Updated: Dec 30, 2020
MAKING BREAD REQUIRES SOME SERIOUS PATIENCE - a personality trait I apparently missed out on. As you may recall, automatic bread-makers were quite popular twenty-five years ago. My wife at the time thought I would be the perfect candidate to operate one hoping for endless loaves of fresh bread for the family.
It didn't happen.
Right from the beginning I had trouble measuring ingredients; it also seemed the packets of yeast were not in the mood to multiply. I also recall odd noises the bread maker made while it struggled at prepping the dough. My little viewing window was permanently fogged from the steam the machine created. The manufacturer warned against disrupting the various cycle settings and added a locking feature for the lid. I was never able to get around that darn lock, or the many mishaps I encountered.
This briefly conveys my attempts at trying to make bread which led to my decision to hide the bread machine in the bottom of the kitchen pantry. Forever.
The yeasty aroma that fills a house as bread bakes is a memory I savor, and is still the lure for me today. With that single thought, I headed to my grocery store hoping that I could find frozen bread dough. Why not? They had a 3-pack of freezer dough for $3.79. I quickly calculated that this would put me at a unit cost of around $1.25 a loaf.

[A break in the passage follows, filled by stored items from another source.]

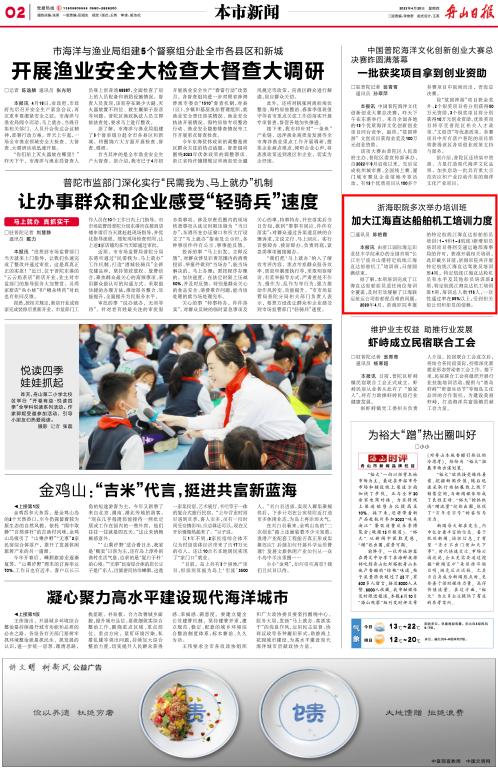 《舟山日报》:浙海职院多次举办培训班 加大江海直达船舶机工培训力度
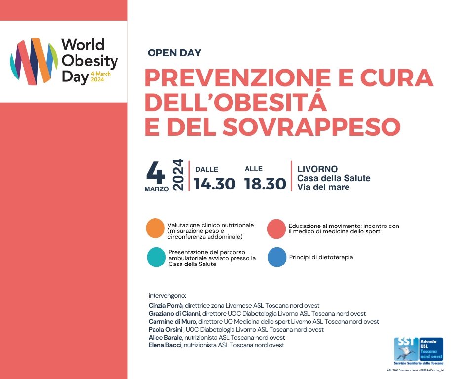 Oggi dalle 14.30 alle 18.30 nella Casa della Salute Livorno Sud di Via del Mare valutazioni clinico-nutrizionale, consulenze di dietoterapia e di educazione al movimento in occasione della giornata mondiale dell’obesità... Continua a leggere
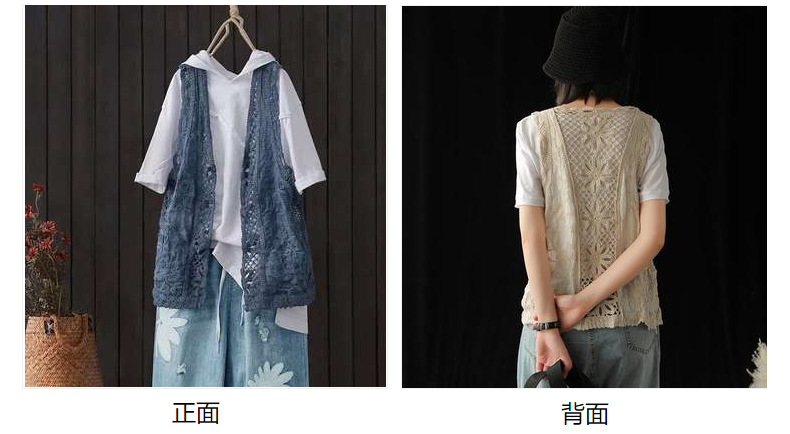 여름과 가을 중공 조끼 여자의 모든 매치 데님 난초 문학 레트로 코튼 린넨 레이스 니트 조끼 카디건 조끼 탑스토어 가기

This newer approach and price appealed to me.
I found an old metal bread pan buried in my lower cupboard. I washed it to be safe and liberally coated it in vegetable oil spray and placed the frozen dough block in the center of the pan, covering it with a clear plastic wrap.
How simple was this going to be.
The directions indicated that an 8 to 10-hour proofing was required. That was a bit of a disappointment, but I decided I would patiently wait the night and bake the bread in the morning during coffee. I retired upstairs to my bedroom to read and sleep.
The next morning, with eager anticipation, I bounded down my stairs to find the perfect proofed dough, an appearance I had only dreamed about. I carefully removed the plastic wrap and gently placed the pan in a 350 F preheated oven for 25-minutes.
My finished loaf (shown above) was lightly browned. I was in disbelief that I created such a masterpiece.
I proceeded to shake and pat the pan to release the prize. The tender composition of the delicate bread was its demise. Several pieces fell in a heap on my cutting board.
What a sad ending. I came so close.
Do you think this is the reason bakers dust their pans with corn meal?
Undeterred, I decided that a bread pudding was what the doctor ordered and this recipe produced one of the best I have made.
Bob’s Bread Pudding
2 cups of counter dried bread, torn and cubed
2 medium eggs
2/3 cup of favorite milk (skim)
3 TBS. brown sugar
2 TBS. melted butter
½ teaspoon cinnamon
¼ teaspoon nutmeg
½ teaspoon of vanilla
handful of raisins
Preheat the oven to 350 F. Place the bread pieces in a buttered baking dish.
Whisk together all the other ingredients in a separate bowl, add the raisins, and pour over the bread and let the liquid soak in for a few minutes.
Bake for 35 minutes. Let cool a bit and serve with a dollop of Cool Whip, or a splash of bourbon.